Breaking up with a partner is never an easy task, either because we have become accustomed to the routine that being with that person provides us, because it has become our comfort zone, or because even if we no longer want to continue sharing our life with him or her, her, we continue to have affection and esteem for her. This difficulty increases when we are sharing our daily life with that person.

There are many other decisions that must be taken into account in breakup situations, including finding the best way to deal with the situation or even the doubt of wanting to maintain said relationship for longer even though we supposedly had the decision very clear. For this reason, in the following Psychology-Online article we offer you 10 tips on how to leave your partner living together.

Take the decision

It is important that before “dropping the bomb” you can meditate on the decision you are going to make and Be clear about what you really want, both for you and for the other person. With this we will avoid possible ups and downs that generate greater discomfort. Likewise, this will be the beginning of many other complex decisions.

Don’t avoid facing the problem

Once you are completely sure of your decision, it is important that you take action and prepare to face the problem with determination (with things clear), even with the fear of uncertainty and many other emotions that you may be experiencing at that moment.

Let them know

There is no perfect time to communicate news like this, so if you are clear that you want to leave your partner, simply sit down with him or her and tell him or her.

It is important that, once you have made the decision to leave your partner, you muster up the courage to be able to speak calmly, so that you can express everything you feel clearly and sincerely in order to close this stage.

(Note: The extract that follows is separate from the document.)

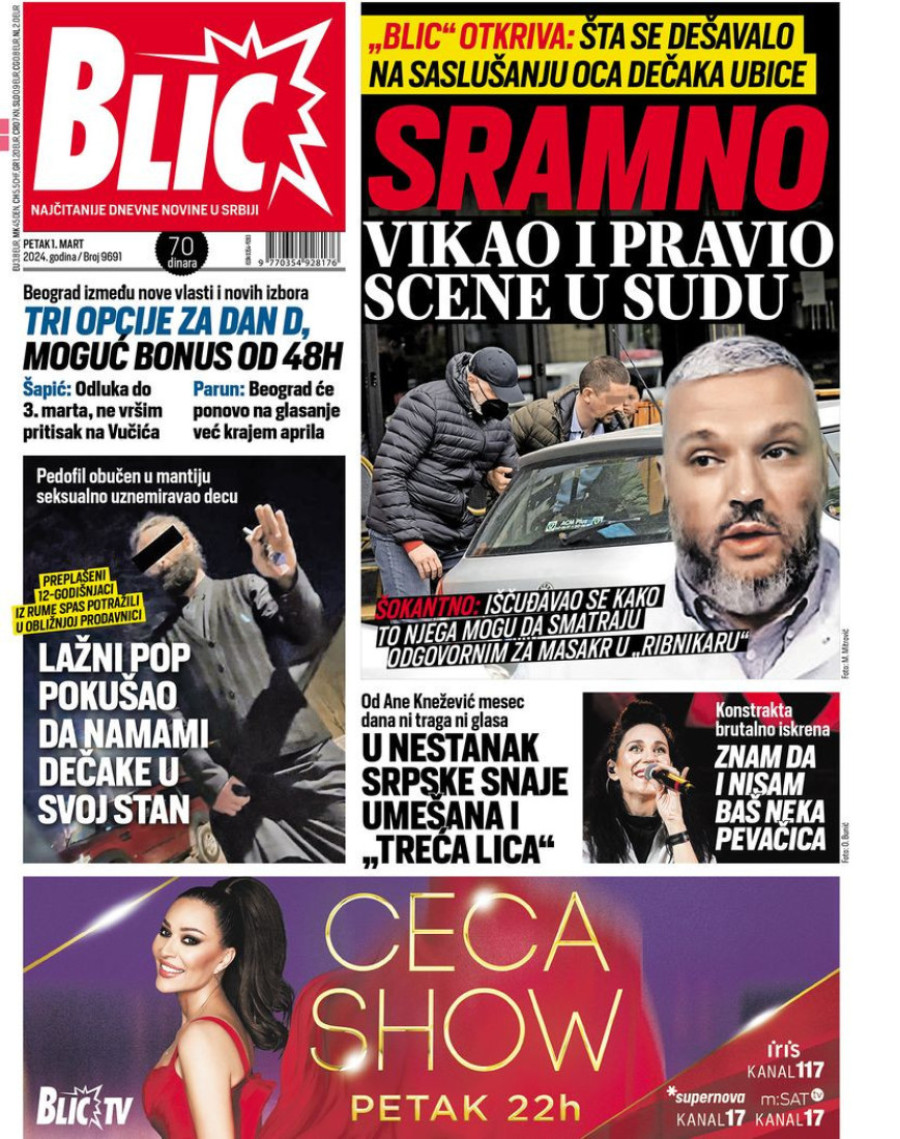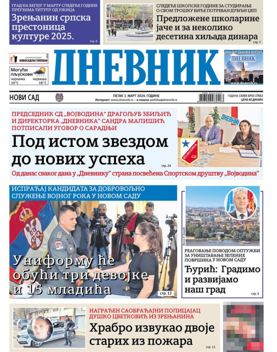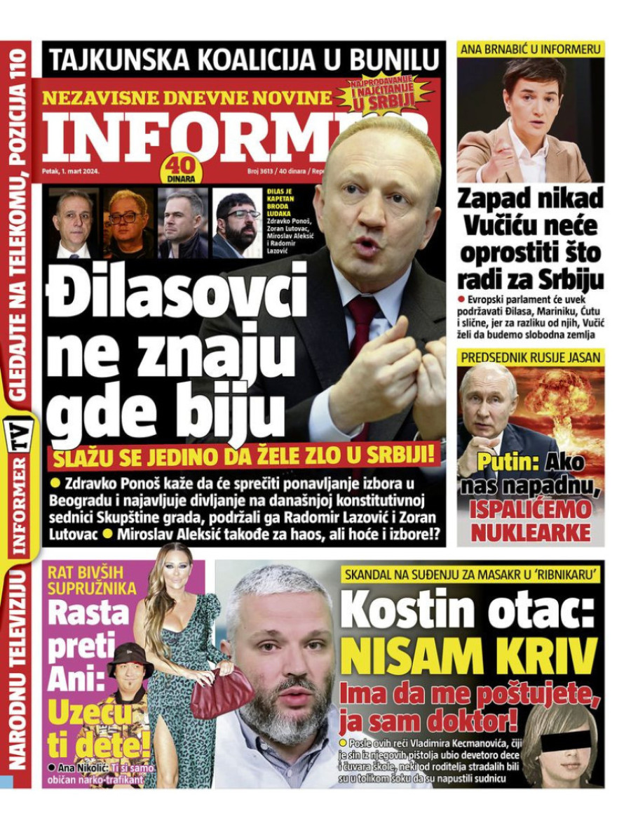 Dnevne novine u Srbiji za petak 1. mart 2024. godine, na naslovnim stranama najavljuju brojne aktuelne društveno-političke teme.

Express yourself assertively

If you have already made the decision, it is because you are clear, or at least as clear as possible, that there is nothing to fix or change so that the relationship can be maintained, either because one of the parties does not want it or because an attempt has already been made. everything before and you think that it is no longer worth trying.

In any case, this It is not a time to recriminate the other person or make reproaches. about what could have been and was not. On the contrary, when you break up with someone, it is best to use one, focusing the message and what you think, feel or perceive, without blaming the other person for what they may have done or not done.

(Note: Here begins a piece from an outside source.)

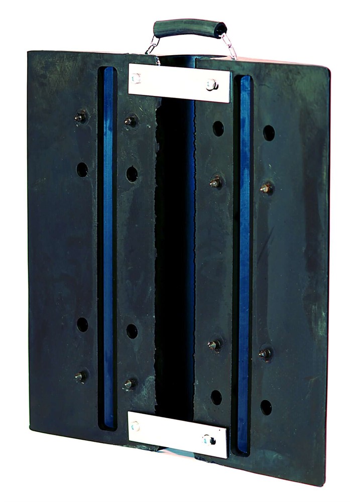 OBS! Användning av Värnamobryggan: Vid användning lägg Slangbrygga på rygg och lösgör plåten genom nyckelhålet. Aptera slag eller kabel i tunneln. Sätt där efter tillbaka plåtarna. Vänd Värnamobryggan med dubbarna nedåt för ihop dem till plats. Efter användning sätt tillbaka plåtarna på plats. Då värnamobryggan inte används förvaras den med fördel stående.
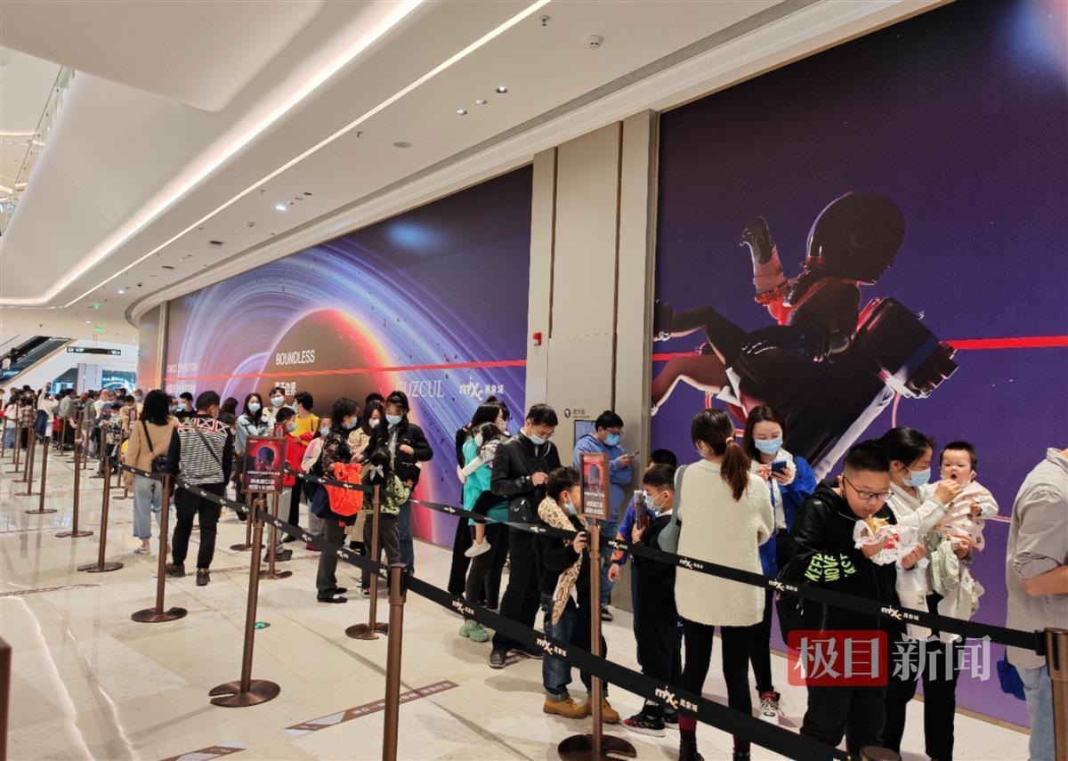 10月6日,在武汉万象城,极目新闻记者看到,《漫无边界》航天艺术展检票处,排起了长队,不少家长带着孩子,有序等候入场。

Lean on your closest environment

It is important that in painful or complicated situations you can feel accompanied and supported by the people you care about, like friends or family. Likewise, also to accompany you in the process if you consider it necessary.

Prepare for his reaction

When we communicate to our partner that we want to leave the relationship, for whatever reason, we must prepare for different scenarios that can occur. He or she may try in every way to keep the relationship going, or we may find that he or she also agrees with our decision and even “we have done them a favor” by saying so first. We may also encounter crying, anger, rage, disbelief or even joy.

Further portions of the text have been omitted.